:: What the exercise asks ::
For each record that follows, restate the text exactly and drop the pictures.

:: Data ::
"""
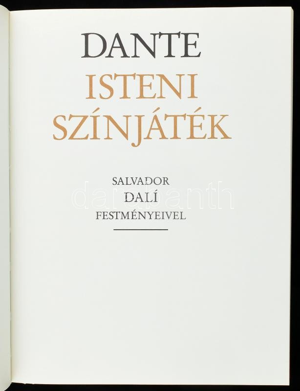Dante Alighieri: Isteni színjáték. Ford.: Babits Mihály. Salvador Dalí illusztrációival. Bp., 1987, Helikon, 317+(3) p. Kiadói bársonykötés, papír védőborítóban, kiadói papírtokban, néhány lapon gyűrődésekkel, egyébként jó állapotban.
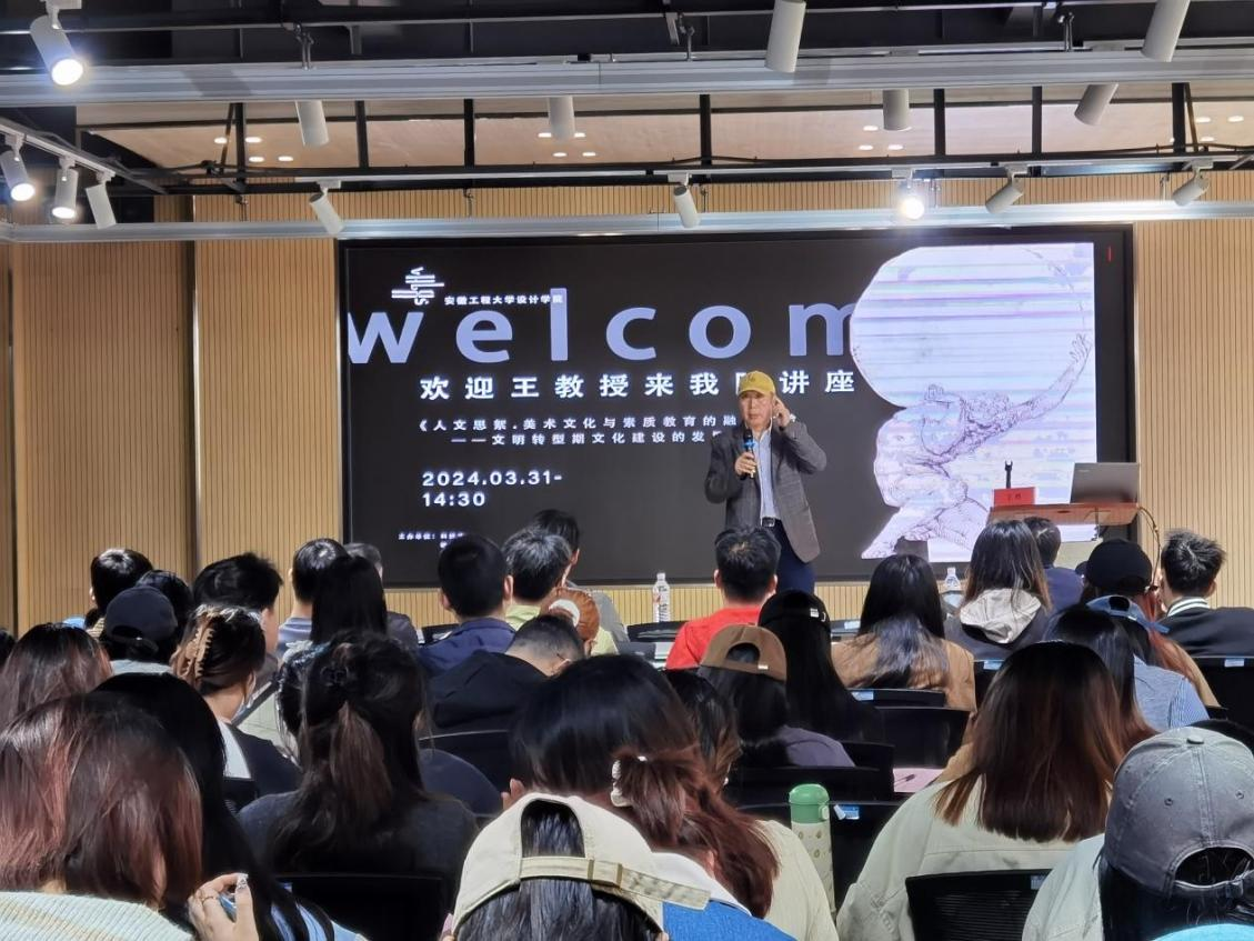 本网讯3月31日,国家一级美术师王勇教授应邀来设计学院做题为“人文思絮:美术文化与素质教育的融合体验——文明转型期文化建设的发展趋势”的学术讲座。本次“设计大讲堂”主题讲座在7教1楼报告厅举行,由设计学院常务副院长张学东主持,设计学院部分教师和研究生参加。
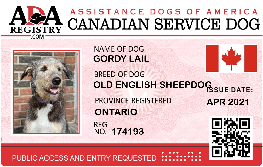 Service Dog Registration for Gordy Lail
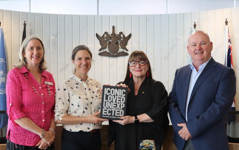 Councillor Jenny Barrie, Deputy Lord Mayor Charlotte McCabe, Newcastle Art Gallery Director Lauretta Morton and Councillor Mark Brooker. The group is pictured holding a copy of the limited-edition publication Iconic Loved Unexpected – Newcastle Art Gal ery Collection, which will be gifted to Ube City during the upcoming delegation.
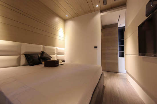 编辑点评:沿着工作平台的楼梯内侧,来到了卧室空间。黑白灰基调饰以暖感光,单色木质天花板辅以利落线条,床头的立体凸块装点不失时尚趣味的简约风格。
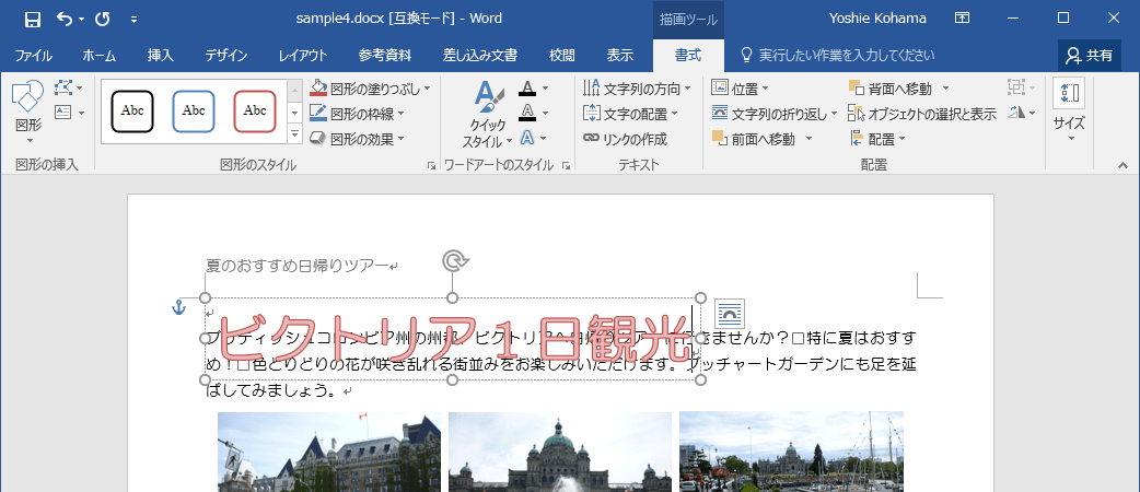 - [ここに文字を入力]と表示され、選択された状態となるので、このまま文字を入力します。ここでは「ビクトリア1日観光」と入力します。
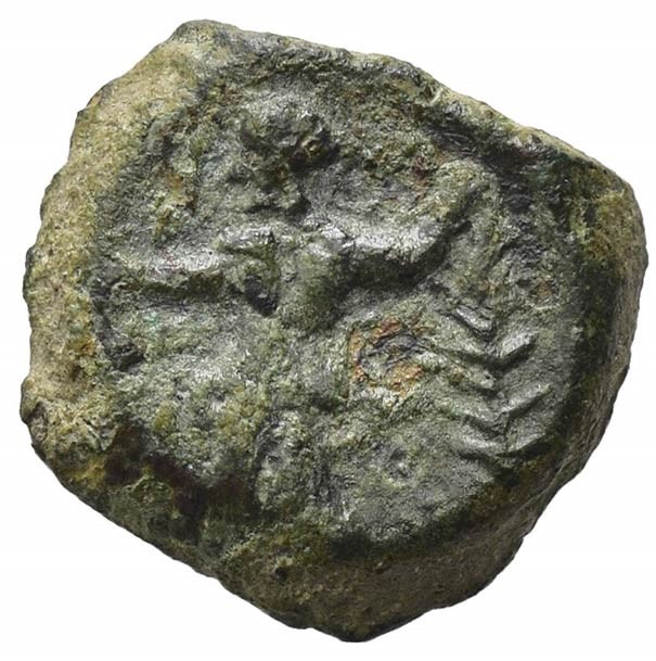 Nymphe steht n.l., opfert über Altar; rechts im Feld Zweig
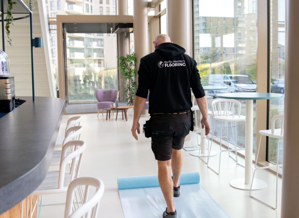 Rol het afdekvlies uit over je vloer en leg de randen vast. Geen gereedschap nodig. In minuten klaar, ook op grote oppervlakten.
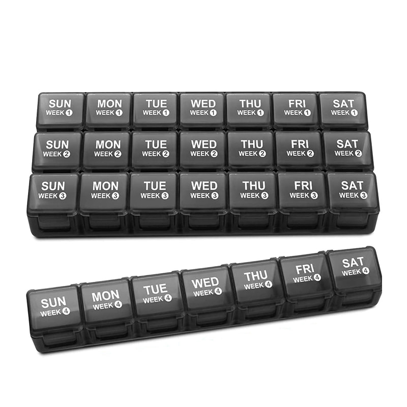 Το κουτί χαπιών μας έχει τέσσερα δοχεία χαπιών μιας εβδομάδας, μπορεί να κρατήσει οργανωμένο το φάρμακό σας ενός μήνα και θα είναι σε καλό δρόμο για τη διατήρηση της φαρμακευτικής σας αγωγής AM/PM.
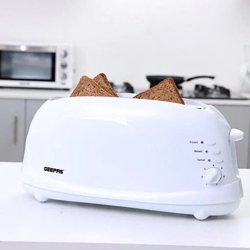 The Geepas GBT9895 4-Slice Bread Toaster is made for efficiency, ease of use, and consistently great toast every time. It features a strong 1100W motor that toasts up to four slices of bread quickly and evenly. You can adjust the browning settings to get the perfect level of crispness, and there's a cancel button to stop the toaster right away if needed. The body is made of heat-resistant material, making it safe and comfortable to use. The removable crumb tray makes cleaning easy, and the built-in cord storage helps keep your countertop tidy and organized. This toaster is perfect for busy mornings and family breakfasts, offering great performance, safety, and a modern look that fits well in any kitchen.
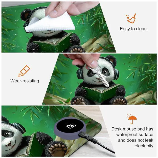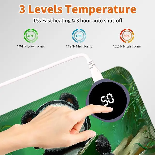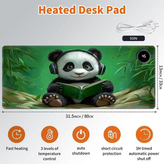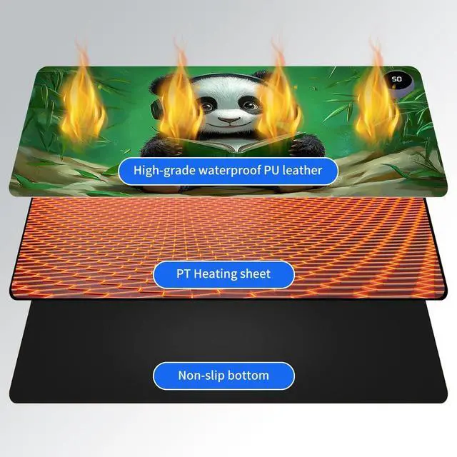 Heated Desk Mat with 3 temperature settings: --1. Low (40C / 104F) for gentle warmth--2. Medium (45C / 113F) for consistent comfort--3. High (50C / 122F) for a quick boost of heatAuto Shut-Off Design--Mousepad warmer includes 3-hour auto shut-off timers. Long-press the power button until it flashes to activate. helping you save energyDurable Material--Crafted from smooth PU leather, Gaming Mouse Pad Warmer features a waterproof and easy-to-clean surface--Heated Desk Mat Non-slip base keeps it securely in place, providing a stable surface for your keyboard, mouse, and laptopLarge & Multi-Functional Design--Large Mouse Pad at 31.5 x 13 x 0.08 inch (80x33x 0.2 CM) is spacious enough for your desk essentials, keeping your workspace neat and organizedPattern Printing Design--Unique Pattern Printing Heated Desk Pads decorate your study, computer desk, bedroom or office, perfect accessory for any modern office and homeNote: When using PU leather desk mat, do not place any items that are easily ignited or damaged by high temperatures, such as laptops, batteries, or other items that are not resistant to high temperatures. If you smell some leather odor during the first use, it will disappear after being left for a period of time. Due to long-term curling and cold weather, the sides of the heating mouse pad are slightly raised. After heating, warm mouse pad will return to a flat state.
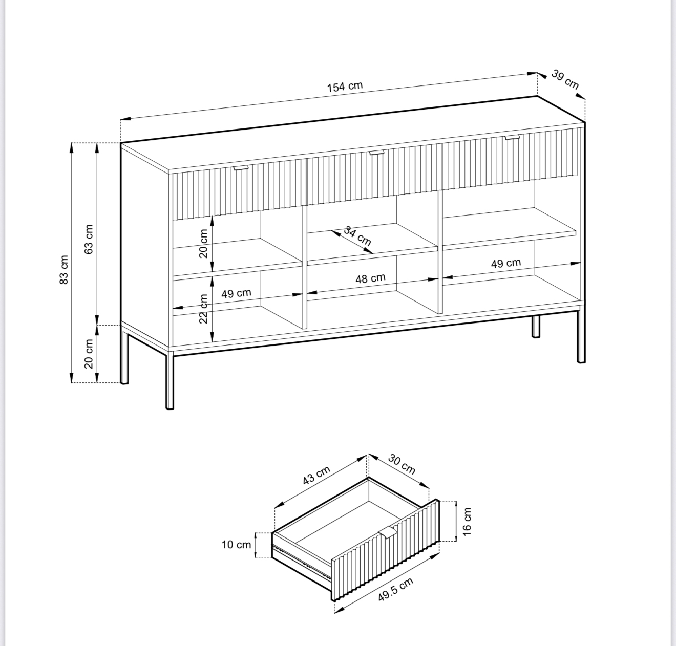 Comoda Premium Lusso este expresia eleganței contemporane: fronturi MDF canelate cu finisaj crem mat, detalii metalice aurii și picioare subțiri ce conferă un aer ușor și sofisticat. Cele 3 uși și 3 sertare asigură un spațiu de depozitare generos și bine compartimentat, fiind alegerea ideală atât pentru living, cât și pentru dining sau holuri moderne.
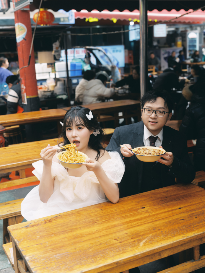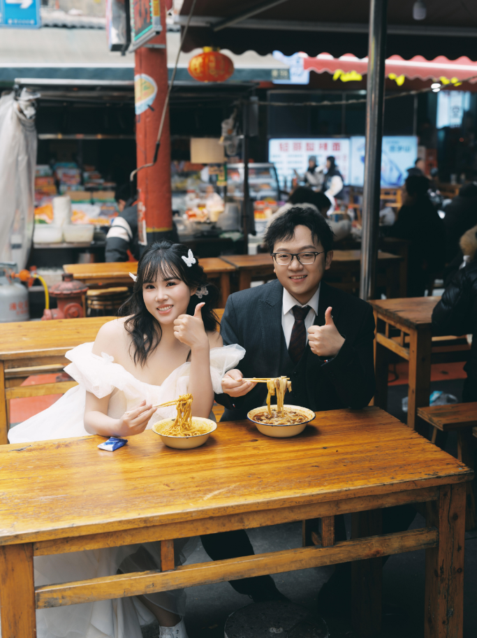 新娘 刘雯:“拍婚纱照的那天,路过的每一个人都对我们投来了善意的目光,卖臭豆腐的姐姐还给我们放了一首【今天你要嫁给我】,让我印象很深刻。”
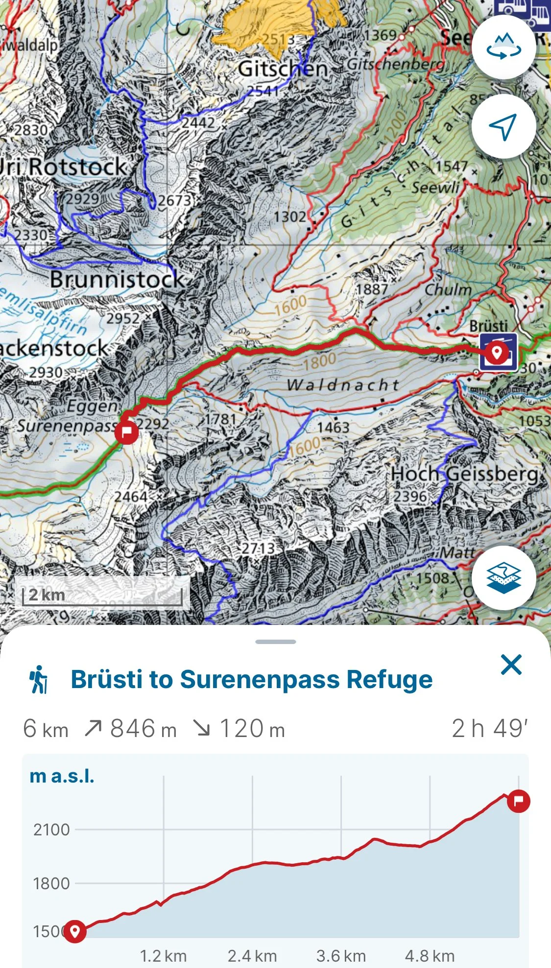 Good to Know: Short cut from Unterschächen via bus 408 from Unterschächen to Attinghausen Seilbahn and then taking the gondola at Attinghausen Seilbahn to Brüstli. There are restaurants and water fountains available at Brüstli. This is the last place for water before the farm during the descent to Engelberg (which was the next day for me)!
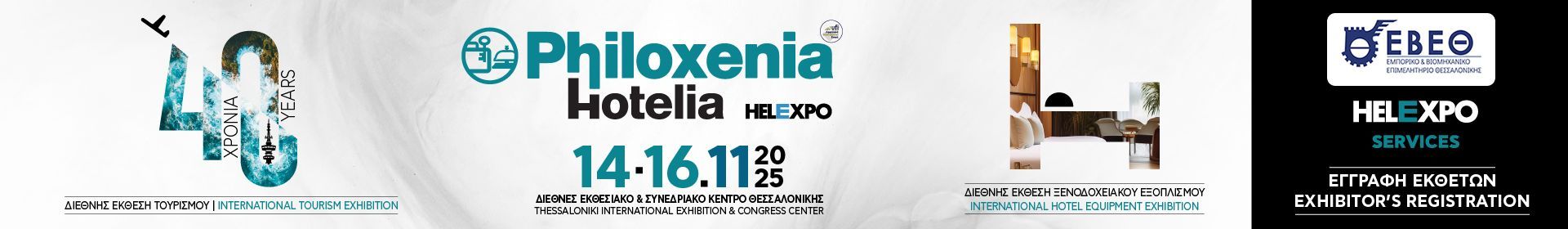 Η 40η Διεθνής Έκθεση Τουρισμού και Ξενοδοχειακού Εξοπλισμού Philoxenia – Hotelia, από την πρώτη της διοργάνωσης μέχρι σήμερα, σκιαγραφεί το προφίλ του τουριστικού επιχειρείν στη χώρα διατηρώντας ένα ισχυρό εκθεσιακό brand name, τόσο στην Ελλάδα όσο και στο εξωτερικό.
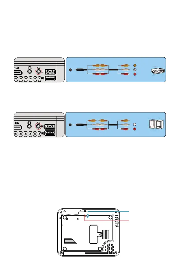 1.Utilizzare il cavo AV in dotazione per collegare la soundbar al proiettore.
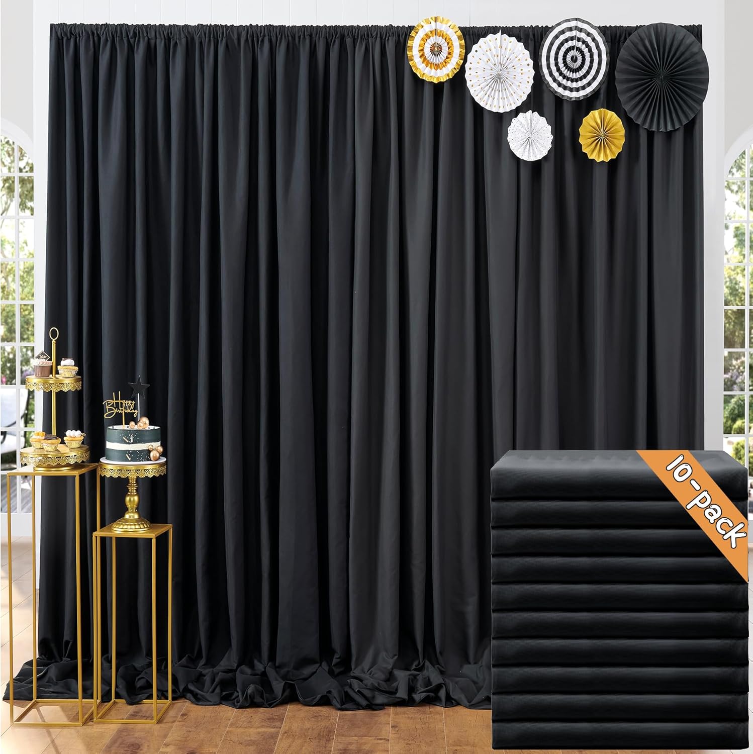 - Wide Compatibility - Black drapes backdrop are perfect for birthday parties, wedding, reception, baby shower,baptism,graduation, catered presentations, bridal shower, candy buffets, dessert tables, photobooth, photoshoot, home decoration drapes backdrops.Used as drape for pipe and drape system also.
"""
:: Result of the task ::
Dante Alighieri: Isteni színjáték. Ford.: Babits Mihály. Salvador Dalí illusztrációival. Bp., 1987, Helikon, 317+(3) p. Kiadói bársonykötés, papír védőborítóban, kiadói papírtokban, néhány lapon gyűrődésekkel, egyébként jó állapotban.
 本网讯3月31日,国家一级美术师王勇教授应邀来设计学院做题为“人文思絮:美术文化与素质教育的融合体验——文明转型期文化建设的发展趋势”的学术讲座。本次“设计大讲堂”主题讲座在7教1楼报告厅举行,由设计学院常务副院长张学东主持,设计学院部分教师和研究生参加。
 Service Dog Registration for Gordy Lail
 Councillor Jenny Barrie, Deputy Lord Mayor Charlotte McCabe, Newcastle Art Gallery Director Lauretta Morton and Councillor Mark Brooker. The group is pictured holding a copy of the limited-edition publication Iconic Loved Unexpected – Newcastle Art Gal ery Collection, which will be gifted to Ube City during the upcoming delegation.
 编辑点评:沿着工作平台的楼梯内侧,来到了卧室空间。黑白灰基调饰以暖感光,单色木质天花板辅以利落线条,床头的立体凸块装点不失时尚趣味的简约风格。
 - [ここに文字を入力]と表示され、選択された状態となるので、このまま文字を入力します。ここでは「ビクトリア1日観光」と入力します。
 Nymphe steht n.l., opfert über Altar; rechts im Feld Zweig
 Rol het afdekvlies uit over je vloer en leg de randen vast. Geen gereedschap nodig. In minuten klaar, ook op grote oppervlakten.
 Το κουτί χαπιών μας έχει τέσσερα δοχεία χαπιών μιας εβδομάδας, μπορεί να κρατήσει οργανωμένο το φάρμακό σας ενός μήνα και θα είναι σε καλό δρόμο για τη διατήρηση της φαρμακευτικής σας αγωγής AM/PM.
 The Geepas GBT9895 4-Slice Bread Toaster is made for efficiency, ease of use, and consistently great toast every time. It features a strong 1100W motor that toasts up to four slices of bread quickly and evenly. You can adjust the browning settings to get the perfect level of crispness, and there's a cancel button to stop the toaster right away if needed. The body is made of heat-resistant material, making it safe and comfortable to use. The removable crumb tray makes cleaning easy, and the built-in cord storage helps keep your countertop tidy and organized. This toaster is perfect for busy mornings and family breakfasts, offering great performance, safety, and a modern look that fits well in any kitchen.
 Heated Desk Mat with 3 temperature settings: --1. Low (40C / 104F) for gentle warmth--2. Medium (45C / 113F) for consistent comfort--3. High (50C / 122F) for a quick boost of heatAuto Shut-Off Design--Mousepad warmer includes 3-hour auto shut-off timers. Long-press the power button until it flashes to activate. helping you save energyDurable Material--Crafted from smooth PU leather, Gaming Mouse Pad Warmer features a waterproof and easy-to-clean surface--Heated Desk Mat Non-slip base keeps it securely in place, providing a stable surface for your keyboard, mouse, and laptopLarge & Multi-Functional Design--Large Mouse Pad at 31.5 x 13 x 0.08 inch (80x33x 0.2 CM) is spacious enough for your desk essentials, keeping your workspace neat and organizedPattern Printing Design--Unique Pattern Printing Heated Desk Pads decorate your study, computer desk, bedroom or office, perfect accessory for any modern office and homeNote: When using PU leather desk mat, do not place any items that are easily ignited or damaged by high temperatures, such as laptops, batteries, or other items that are not resistant to high temperatures. If you smell some leather odor during the first use, it will disappear after being left for a period of time. Due to long-term curling and cold weather, the sides of the heating mouse pad are slightly raised. After heating, warm mouse pad will return to a flat state.
 Comoda Premium Lusso este expresia eleganței contemporane: fronturi MDF canelate cu finisaj crem mat, detalii metalice aurii și picioare subțiri ce conferă un aer ușor și sofisticat. Cele 3 uși și 3 sertare asigură un spațiu de depozitare generos și bine compartimentat, fiind alegerea ideală atât pentru living, cât și pentru dining sau holuri moderne.
 新娘 刘雯:“拍婚纱照的那天,路过的每一个人都对我们投来了善意的目光,卖臭豆腐的姐姐还给我们放了一首【今天你要嫁给我】,让我印象很深刻。”
 Good to Know: Short cut from Unterschächen via bus 408 from Unterschächen to Attinghausen Seilbahn and then taking the gondola at Attinghausen Seilbahn to Brüstli. There are restaurants and water fountains available at Brüstli. This is the last place for water before the farm during the descent to Engelberg (which was the next day for me)!
 Η 40η Διεθνής Έκθεση Τουρισμού και Ξενοδοχειακού Εξοπλισμού Philoxenia – Hotelia, από την πρώτη της διοργάνωσης μέχρι σήμερα, σκιαγραφεί το προφίλ του τουριστικού επιχειρείν στη χώρα διατηρώντας ένα ισχυρό εκθεσιακό brand name, τόσο στην Ελλάδα όσο και στο εξωτερικό.
 1.Utilizzare il cavo AV in dotazione per collegare la soundbar al proiettore.
 - Wide Compatibility - Black drapes backdrop are perfect for birthday parties, wedding, reception, baby shower,baptism,graduation, catered presentations, bridal shower, candy buffets, dessert tables, photobooth, photoshoot, home decoration drapes backdrops.Used as drape for pipe and drape system also.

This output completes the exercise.